Nice Country for Camping, Not for Fracking
Years ago, I used to lie in my bed at Camp Tel Yehudah and listen to the water flowing in the Delaware River just behind my cabin. Today, I am reminded of my camping days as I worry about the natural gas rush that threatens to pollute the water supplies of 15 million people who get their drinking water from the Delaware River watershed.
The Poconos and the Catskills, the heartland of Jewish summer camps, are right in the middle of the area where the natural gas rush is underway. There are dozens of Jewish camps in the area, drawing campers from throughout the Northeast and beyond. The Delaware River Basin Commission, which has authority to regulate activities that may affect water quality in the Delaware River, recently held hearings in Honesdale, Pa., about gas drilling. Honesdale is the home of Camp Moshava, Camp Seneca Lake and Camp Towanda. Camp Tel Yehudah is just across the Delaware in Barryville, N.Y.
Jewish summer camps in the region are being approached to lease their land for gas drilling. The deals would likely include payments for signing a lease and a percentage of future royalties if the wells yield gas.
Boards of nonprofit camps and owners of private camps are faced with weighing short-term benefits against long-term risks. Many summer camps have 200 acres of land. In the short term, at $4,000 an acre (the signing fee offered to some landholders in Pennsylvania), a lease could bring in close to a million dollars to fund critical needs such as facility improvements and camp scholarships. But in the long term, the risks are polluted water, land and air.
The gas rush in the Poconos and Catskills is happening now because we have used up our easily accessible fossil fuels, and now we’re turning to deposits that are harder to exploit. One of the biggest deposits of natural gas yet to be tapped is found in a huge area called the Marcellus Shale that includes a large swath of Pennsylvania and western and central New York. Until recently natural gas companies didn’t have the technology to extract this gas because it is embedded in small pockets in layers of rock. But now they do, and the rush is on.

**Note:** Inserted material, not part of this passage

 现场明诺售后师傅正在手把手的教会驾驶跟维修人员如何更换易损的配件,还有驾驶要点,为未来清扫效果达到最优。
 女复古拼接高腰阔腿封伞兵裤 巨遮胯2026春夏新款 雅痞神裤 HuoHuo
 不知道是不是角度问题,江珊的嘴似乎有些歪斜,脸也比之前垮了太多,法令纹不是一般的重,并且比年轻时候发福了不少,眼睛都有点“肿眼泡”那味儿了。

Although natural gas does burn more cleanly than coal and oil, it contributes greenhouse gases to the atmosphere just like other fossil fuels. And getting it out of the ground is dirty and destructive.
To extract the natural gas in the Marcellus Shale, drillers have to use a dangerous process called hydraulic fracturing, or fracking. It involves injecting millions of gallons of water, mixed with toxic chemicals, into the ground and detonating the rock to cause it to shatter. Only about half of the water can be recaptured and potentially treated. The rest flows away to contaminate streams and wells. But that’s not all. Multiple drill pads scar the land, and escaping gas pollutes the air. And scientists have recently identified a further risk that fracking may bring radioactive elements from deep in the earth to the surface.
The gas industry says that fracking is safe, but if that is true, why are the companies that use this technique trying to avoid regulation? In 2005, lobbyists for the natural gas industry persuaded Congress to exempt fracking from regulation under the Safe Drinking Water Act and the Clean Water Act. Other key environmental laws also contain exemptions for gas drilling.
Opposition to gas drilling in the Marcellus Shale is growing. New York’s City Council and Mayor Michael Bloomberg have taken stands against allowing fracking in the Marcellus Shale, in order to protect the city’s watershed. Thanks to public pressure, there is currently a de facto moratorium on new drilling in New York State until new environmental reviews are completed, possibly as early as this June.
The values I learned at summer camp have stayed with me. At camp I breathed in the fresh air along with Jewish lessons about personal responsibility, leadership, community and our connection with the land. Today, we have a choice: We can take the money and hope for the best. Or we can turn down the money and do our best to protect the land, water and people from this dangerous form of gas extraction. We have the opportunity to teach our children a lasting lesson about Jewish values. What do we want that lesson to be?
Mirele B. Goldsmith is an environmental psychologist and founder of Green Strides Consulting. She is on the board of Hazon and is a former vice-chairperson of the Coalition on the Environment and Jewish Life.